In each panel, the average MVM setting for the six subjects is plotted against inducer roll-tilt for manual matches to the standard visual target set at VPV, at 5° ccw (−5°) from VPV, and at 5° cw (+5°) from VPV. Hand-to-body distances were 0, 30, and 60 cm from the midfrontal plane in panels (a), (b), and (c), respectively. The straight diagonal line in each panel composed of short black dashes is the line of best fit to the VPV- vs-roll-tilt data in Figure 3; the straight diagonal lines composed of long red dashes or of blue dots were drawn parallel to this line to represent the locus of the standard for the MVM measurements with the standard at +5° and −5°, respectively. The small two-headed arrows in panels a and b represent the discrepancies between the visual standard and the subject's manual match (the action errors). Note that there are no significant action errors in panel c. Taken by itself, panel c would therefore appear to support the dissociated perception/action theory.
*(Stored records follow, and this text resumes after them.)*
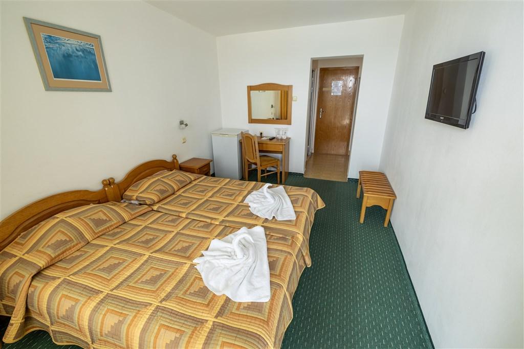 v izbách a apartmánoch • IZBY - 2-lôžkové izby štandard a superior s možnosťou prístelky • izby superior majú väčšiu rozlohu • výhľad na more za príplatok • APARTMÁNY - Štandard pre 2-4 osoby - 2 spálne, 1 kúpeľňa (max. 2 dosp.os. + 2 deti) • Superior pre 2-5 osôb - väčšia rozloha, 2 spálne, 2 kúpeľne (max. 2 dosp.os. + 3 deti) • klimatizácia • minichladnička • SAT/TV • WiFi zdarma • balkón • detská postieľka na vyžiadanie zdarma (obmedzený počet)
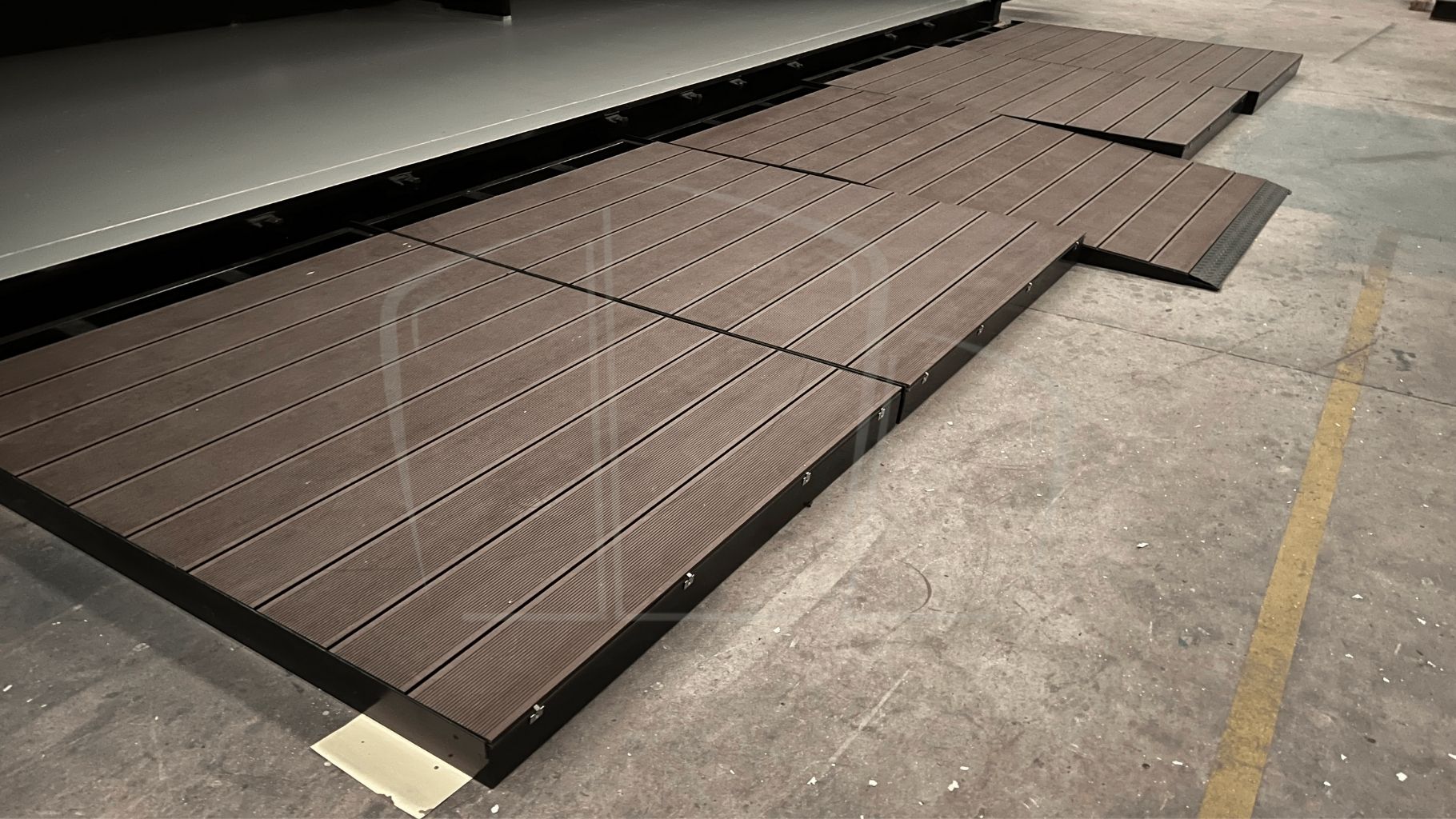 Además, se proporcionaron detalles como cuerdas de control de masas para delimitar la zona de la tarima, con postes desmontables. Soportes para banderolas promocionales. Revestimiento interior de las puertas para colocación de vinilos promocionales. Armario de 2×2,5×0,8 m con puerta corredera. Instalación eléctrica, con raíles de focos en el interior y líneas independientes para la iluminación exterior y las pantallas promocionales
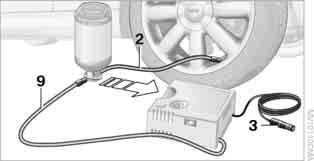 3 Holder for the sealant bottle 4 Compressor 5 Plug and cable for the socket in the vehicle interior, page 87 6 Connection hose to connect the compressor and sealant bottle or the compressor and wheel 7 On/off switch 8 Pressure gauge for indicating the tire inflation pressure 9 Release button for reducing the tire inflation pressure Connector, cable and connection hose are stored in the compressor housing.
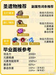圣遗物推荐宗室套。两件套能提升元素爆发伤害,四件套能让角色释放元素爆发后,队伍中所有角色攻击力提升20%,持续12秒,这对队伍输出的提升非常显著。
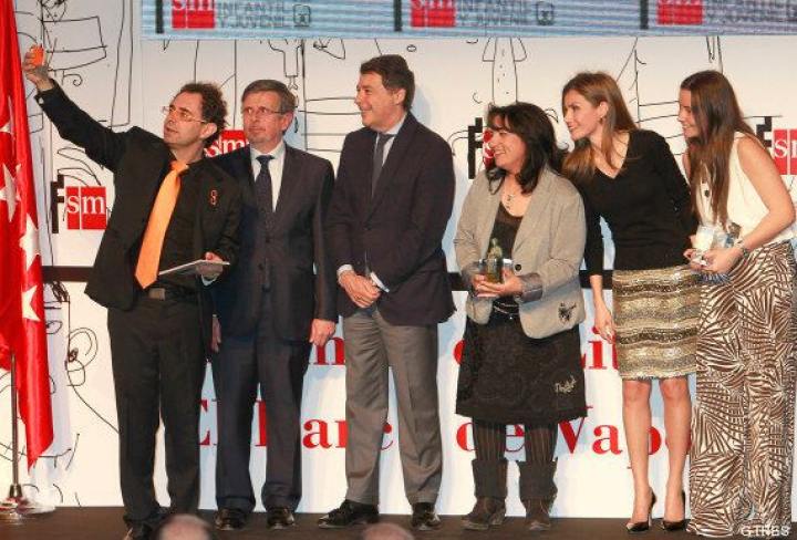 La princesa Letizia se ha unido a la moda del 'selfie' este martes de la mano del mago More, durante la entrega de los premios infantiles y juveniles Barco de Vapor y Gran Angular, de la fundación SM.
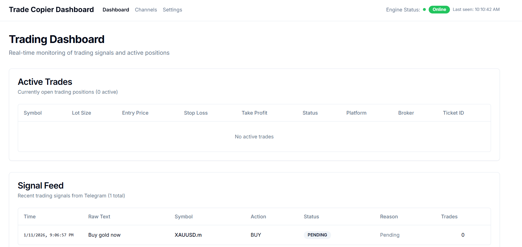 An automated desktop application that parses trade signals from Telegram and executes them instantly on the cTrader platform. Ensures < 100ms latency for high-frequency execution.
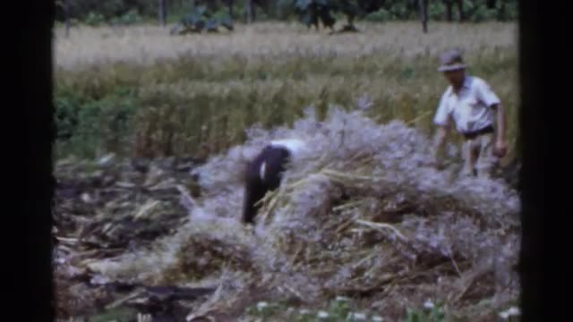 > 1953: it's harvest time and farmers are busy working in the fields and reaping the harvest JAPAN
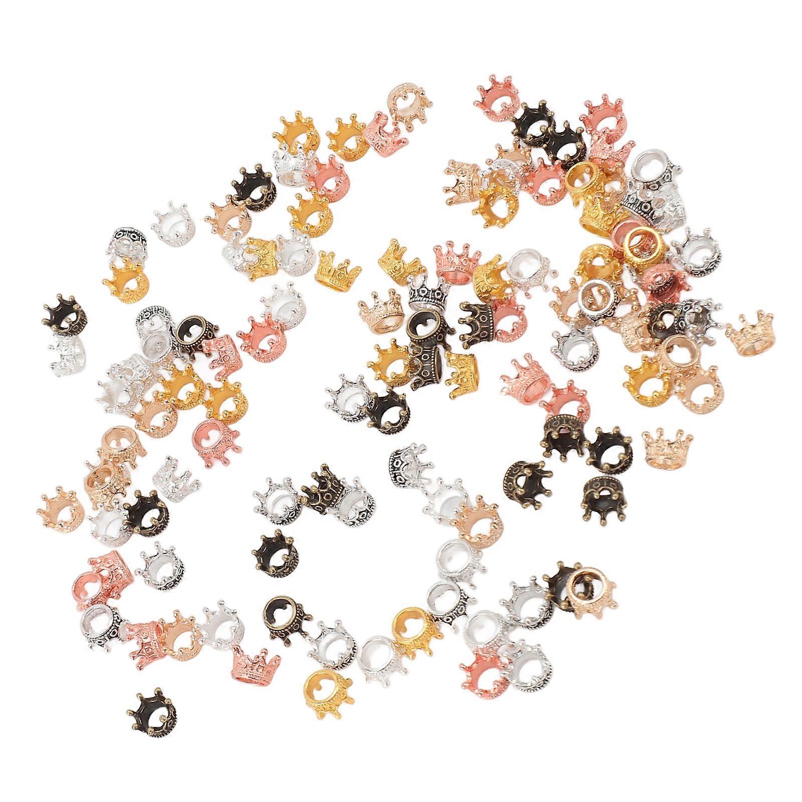 120Pcs Beard Beads Alloy Mini Crown Shaped Vintage Tibetan Style Braiding Beads for Hair DIY Jewelry Making
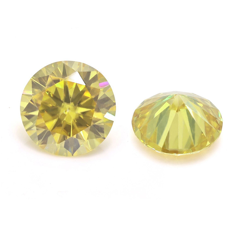 黄色圆形优质彩色莫桑石裸石配GRA证书黑卡腰码源头工厂现货批发
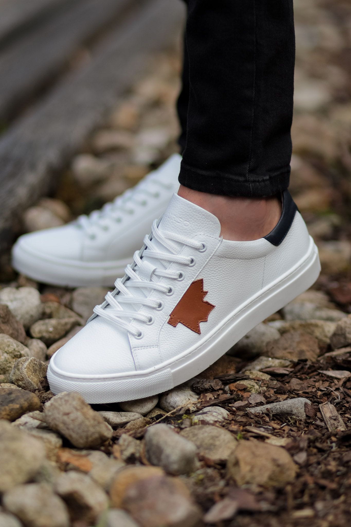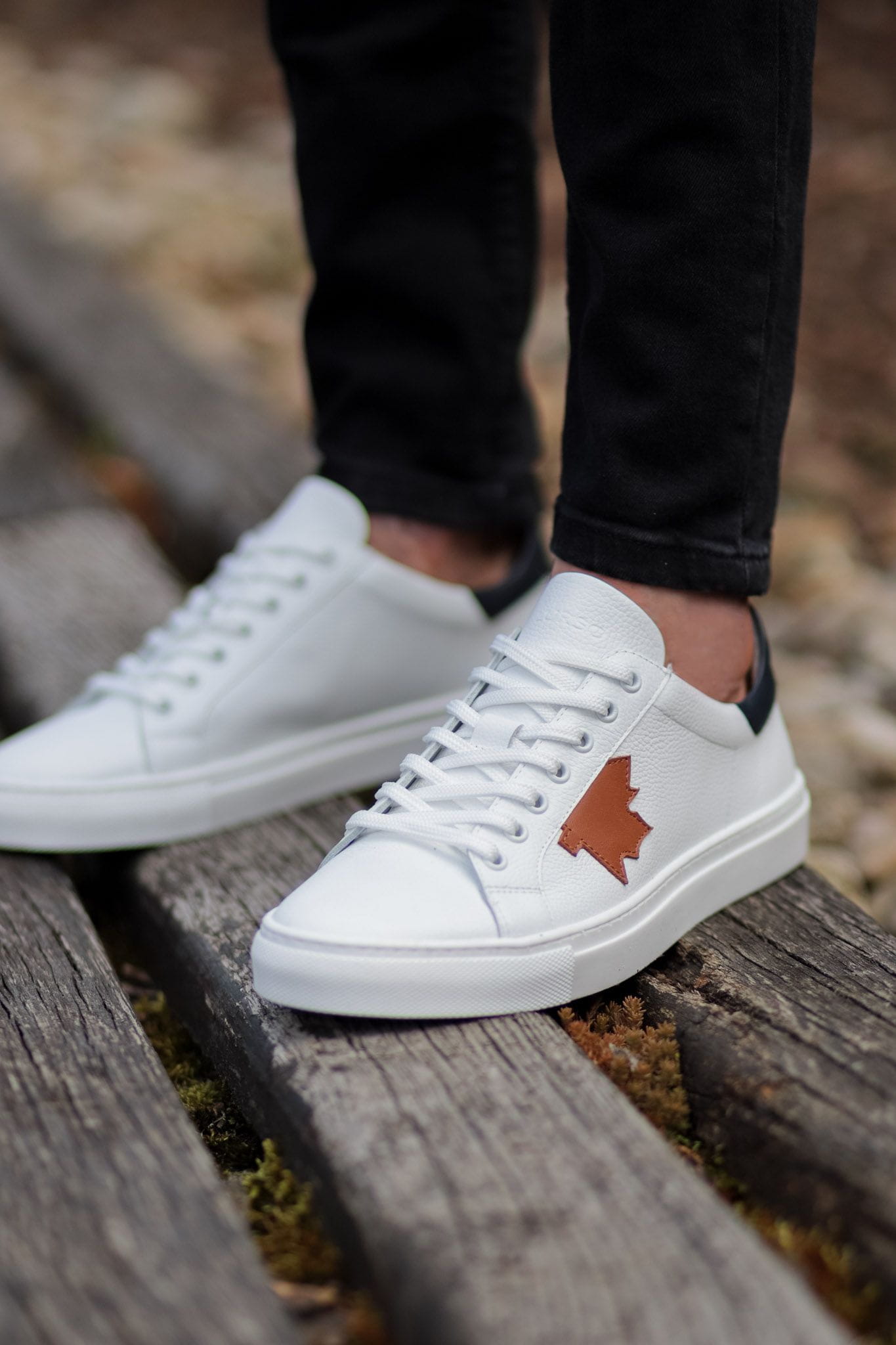Białe Trampki Męskie LURSO model YERRES WHITE/BROWN skóra naturalna
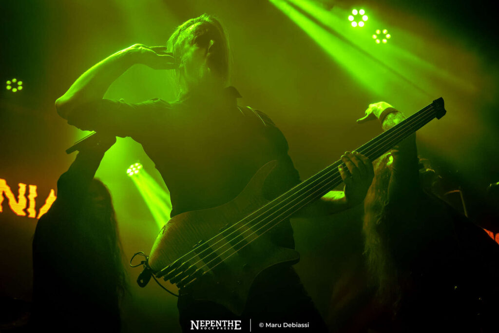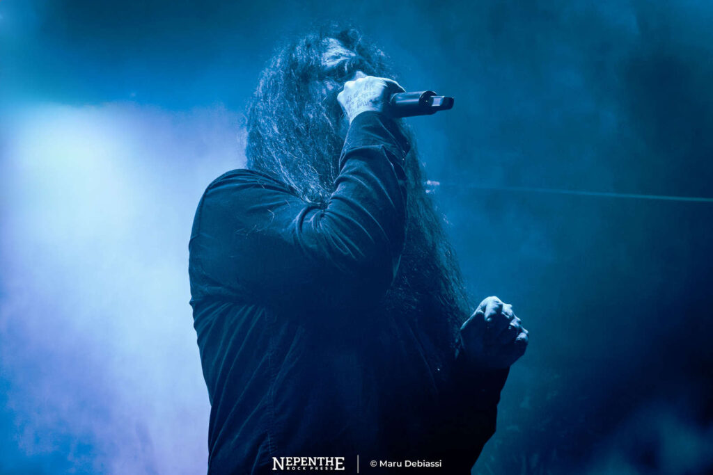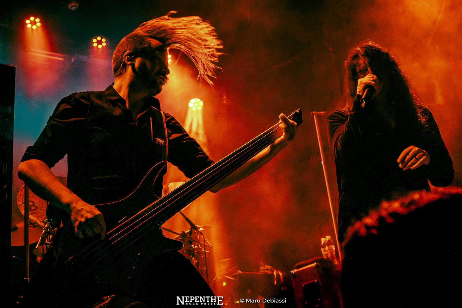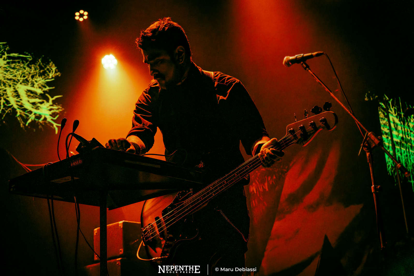 Ese día DIOS SERPIENTE abrió el show, desatando curiosidad. El proyecto solista de Leandro Buceta es una propuesta black única. El músico se posicionó en el centro del escenario con su bajo y a su costado un sintetizador. Con pistas de batería de fondo, las cuatro cuerdas saturadas de oscuridad y distorsión se mezclaron con la voz gutural de Leandro. Fue la creación de un mundo distópico a la merced de un hombre y su caos.
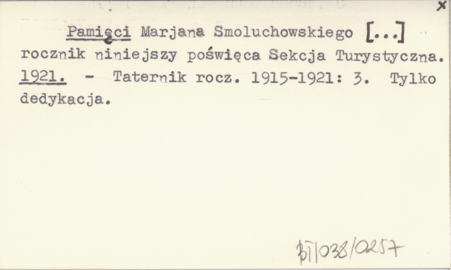 Pamięci Marjana Smoluchowskiego [...] rocznik niniejszy poświęca Sekcja Turystyczna. 1921
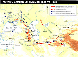 După victoria decisivă de la râul Kalka de la 31 mai 1223, Gengis Khan le ordonă lui Subotai şi Djebe să facă joncţiunea cu Jochi şi împreună să-i atace pe bulgarii de pe Volga, dar aici sunt învinşi la trecerea fluviului. Primesc ordin să revină acasă, dar Djebe moare cu febră pe drum. la marele Kurlutai ţinut la sosirea lor acasă, Subotai raportează lui Gengis Khan despre marşul său epic, cel mai mare raid călare din istorie. Jochi este iertat de presupusa insubordonare când a refuzat să i se alăture lui Subotai pe motiv că era bolnav. Atât Jochi, cât şi Gengis Khan vor muri în 1227. Succesiunea imperiului va fi preluată de Ogodai, fiul hanului, care împreună cu fratele său Batu vor da cea mai cumplită lovitură estului Europei abia paisprezece ani mai târziu.
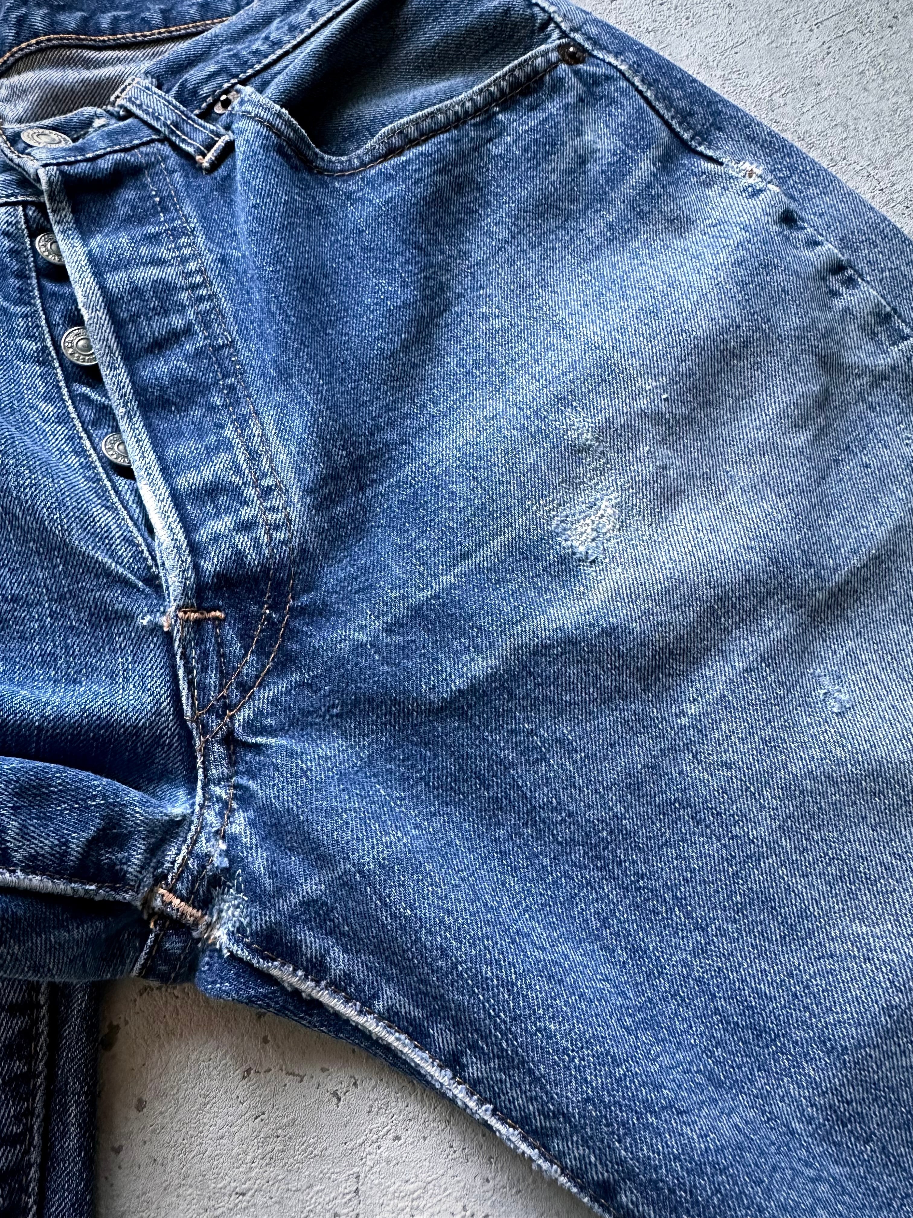 完全に取れてしまっておりますが僅かに確認できる501のデカ文字に艶感のある紙パッチ,随所に見受けられるイエローステッチや足長Rボタンにトップ裏8刻印,サイドの赤耳や不均等のBig-EタブとVINTAGEならではのディティール満載な雰囲気の良い1本です。
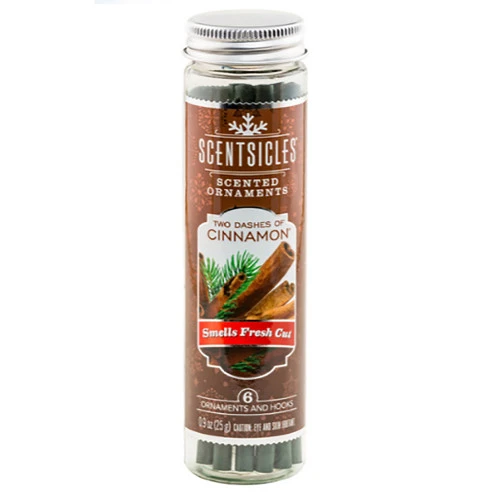 Scentsicles Two Dashes of Cinnamon This is perfect for awakening your senses and bringing a true feel of Christmas into your home. A great way to give your tree a Christmassy warm and spicy cinnamon aroma. Designed to naturally blend in, simply hang or hide in trees, wreaths, garland, and holiday décor. Each bottle comes with six scented ornaments and swirl hooks for easy hanging. Scent lasts up to 30 days.
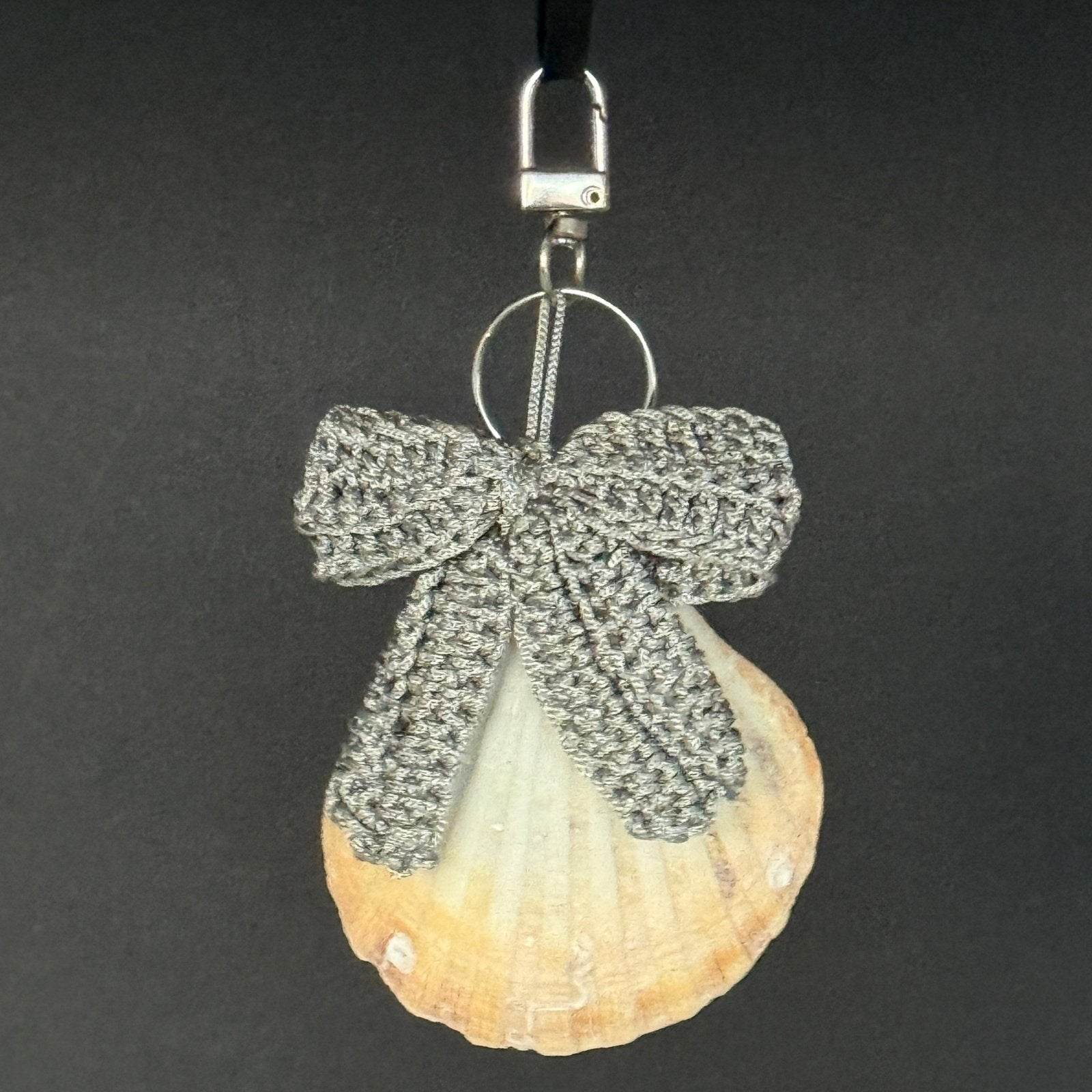 Handveredeltes Deko - Objekt: Beachwalk "Champ Season", echte Muschel inkl. Häkel - Schleife I SILBER von Tiffy Tastique von ei - nzigartig Open image lightbox

However, the errors in panels a and b would not be predicted by that theory.
With the hand in the midfrontal plane (hand-to-body distance = 0 cm; Figure 4a) the average manual matches to the visual standard at VPV (filled circles) did not vary with inducer orientation. Instead, the matches were close to the true physical vertical—and differed grossly from the physical orientations perceived as vertical. Although the physical orientation of the standard that was perceived as vertical (VPV) varied over a 12.50° range as the roll-tilt of the inducer changed from 10° ccw to 15° cw, the orientation of the hand matched to the visual standard at VPV was not significantly different from true physical vertical for each of the three orientations of the inducer ( t = −0.82, p = 0.49; t = −0.68, p = 0.53; and t = 2.01, p = 0.10) or from each other [slope of the manual setting- vs-roll-tilt function = 0.02; F(2, 10) = 2.60, p = 0.12]. With the standard at VPV + 5° and at VPV − 5°, the settings were also independent of inducer orientation as shown by the red squares and blue triangles in Figure 4a, respectively [ F(2, 10) = 2.26, p = 0.15, F(2, 10) = 4.0, p = 0.05], and also independent of the standard. The matches to these standards deviate from the matches to the standards at VPV by ±5°, respectively, a result that indicates the linearity of the MVM settings with physical orientation of the roll-tilt of the visual standard. 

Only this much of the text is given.